Nevadans just chose the most extreme candidate on the GOP ballot to run against Reid, the Democratic leader in the U.S. Senate. And no, it’s not the chicken-barter lady, Sue Lowden.
Lowden in fact was Reid’s nightmare, the Republican with the best chance of defeating him, at least until her tirade against Obamacare. She tried to argue that mandatory, universal health insurance was unnecessary because anyone in need of a flu shot or prostate test could, as in the old days, offer the doctor a piece of fowl -- she didn’t specify broiled, roasted or fried -- instead of an insurance card. As if Nevadans kept henhouses in their backyards.
Lowden’s goose was cooked. Sharron Angle, a former state legislator and favorite of the Tea Party movement, surged at her expense and now is the Republican nominee for Senate.
She will be an easier candidate for Reid to beat, a far more troublesome candidate for Republicans to drag across the finish line. Her views on downsizing government, including calls to “transition out” Social Security and abolish the U.S. Education Department, make a chicken-based economy look reasonable by comparison.
Angle’s victory exposed the fault line among Republicans as they try to make big gains in the midterm elections. Yes, the Tea Party provides energy and focus for the disaffected who are determined to throw secular, “socialist” Democratic incumbents out of office. But if Tea Party candidates have their way in the primaries against more mainstream Republicans, as Rand Paul did in Kentucky before Angle’s victory in Nevada, they’re going to have a tough go of it in November.
As with Paul, most voters didn’t know about Angle’s marginal views before electing her.
It’s unlikely Paul would have pulled off his upset victory over Kentucky Secretary of State Trey Grayson had he emphasized his support for re-segregating lunch counters or defended BP Plc on the grounds that “accidents happen.” Similarly, Angle would have had a much harder time had voters focused on her desire to downsize government in ways even the angriest Nevadan might question.
For instance, no matter how sick and tired they might be of Reid, Nevadans might pause before abolishing the Environmental Protection Agency and the Department of Energy, especially in the midst of the catastrophic oil spill in the Gulf of Mexico. And the current economy is a hard one in which to push phasing out Social Security. Even in a state where the casino is king, people worried about their shrinking 401(k)s may not be anxious, with the market taking a dramatic drop this month, to gamble away Social Security’s sure thing.
Room for Massage
Angle’s advocacy of barebones government programs comes with at least one curious exception.

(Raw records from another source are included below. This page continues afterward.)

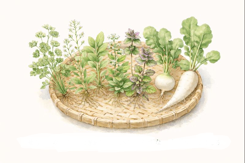 人日(じんじつ)の節句/七草の節句・・・人日の節句とは、五節句の一つで、1月7日に行われます。この日に七草粥(ななくさがゆ)を食べ、無病息災を願う風習があります。正月のごちそうで疲れた胃腸を休める、という実用的な意味合いもあります。七草とはせり、なずな、ごぎょう、はこべら、ほとけのざ、すずな(蕪)、すずしろ(大根)の七種の野草や野菜です。
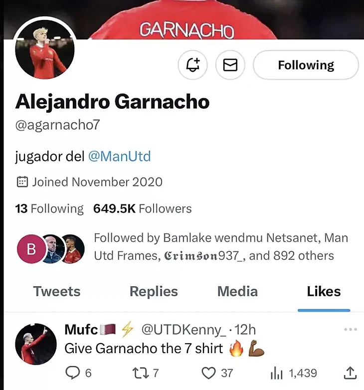 На этой неделе молодой игрок «Юнайтед» Алехандро Гарначо подписал новый контракт с клубом до 2028 года. После этого в своем аккаунте Твиттер аргентинец оставил сразу две пасхалки по поводу того, какой номер он бы хотел взять в будущем.
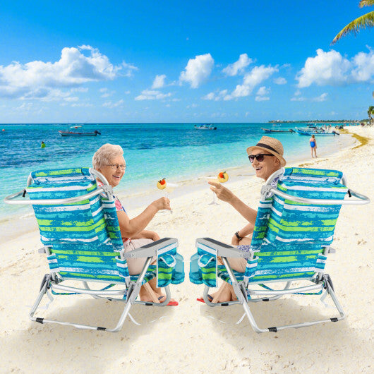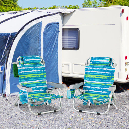 Foldable Backpack Beach Chair with Cup Holder and Storage Pockets Set of 2-Pink
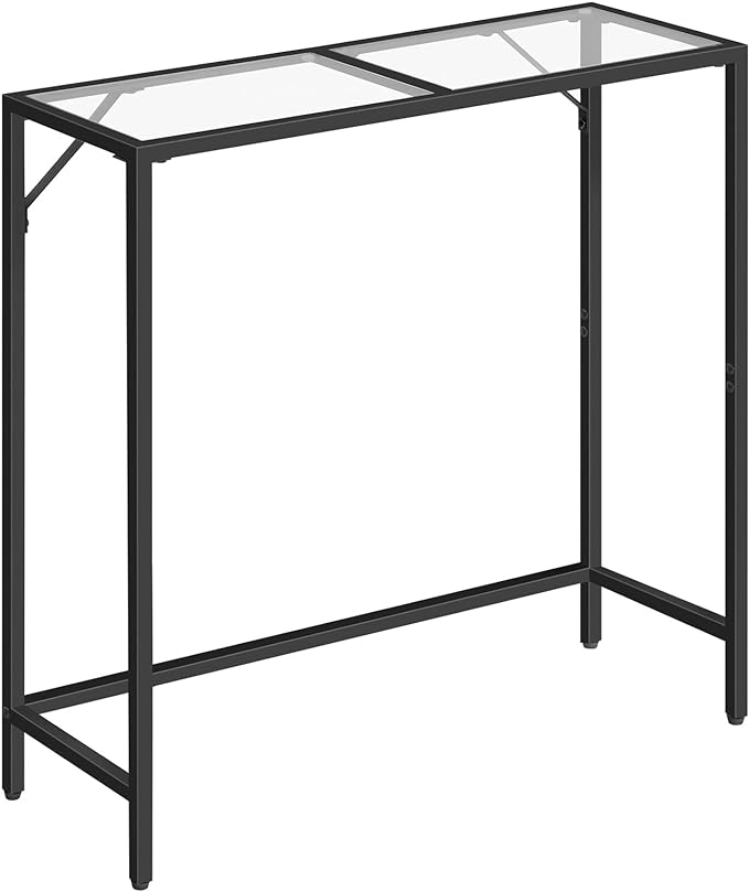MAHANCRIS 27″ Narrow Console Table, Tempered Glass Entryway Table with Metal Frame, Adjustable Feet, Industrial Style for Entrance, Living Room, Hallway, Balcony – Black CTH68B01
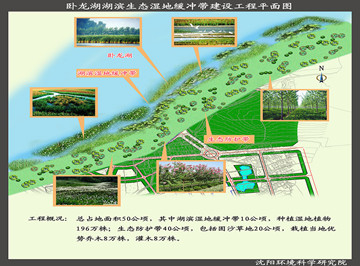 总占地面积50公顷,其中湖滨湿地缓冲带10公顷,种植湿地植物196万株;生态防护带40公顷,包括固沙草地20公顷,栽植当地优势乔木8万株,灌木8万株。
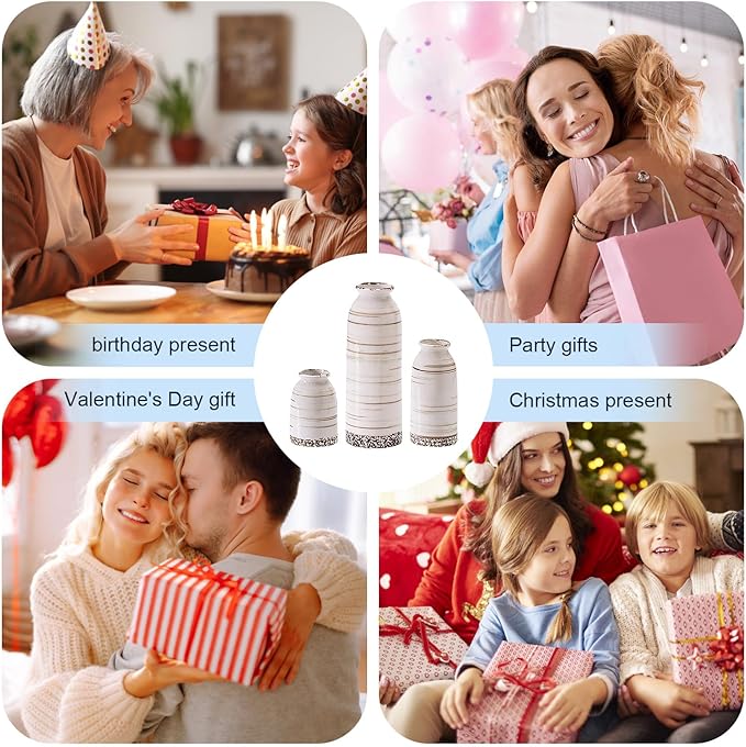 - [Versatile Home Decor, Multiple Display Options] This decorative vase have three sizes (8.66", 5.9", 3.93" tall) allow for creative arrangements on mantels, shelves, coffee tables, entryways, or as a centerpiece. Mix and match with dried flowers, pampas grass, or eucalyptus for a personalized touch.

After touring a prison in Mexico that provides massages for prisoners as part of a detox program seemingly modeled on one created by the Church of Scientology, Angle tried to organize a second trip of legislators. When that became public, she quickly scrubbed the trip, as well as references on her website to Scientologists -- so it was bye-bye to actresses Kelly Preston (John Travolta’s wife) and Jenna Elfman.
She didn’t back down on other matters.
If you live outside Nevada, there’s a case to be made for stashing nuclear trash there rather than in your own backyard. Inside Nevada, letting Yucca Mountain become the country’s nuclear dump is decidedly less popular. Angle couched her support for the idea in economic-development terms. But promoting your own state as “the nuclear energy capital of reprocessing spent fuels” is akin to volunteering to stand in for New York City as host of Khalid Sheikh Mohammed’s trial.
The Tea Party movement also had a good showing in South Carolina, in a race that saw the craziest behavior of this primary season. Republican gubernatorial candidate Nikki Haley, backed by Sarah Palin, had all kinds of fights on her hand.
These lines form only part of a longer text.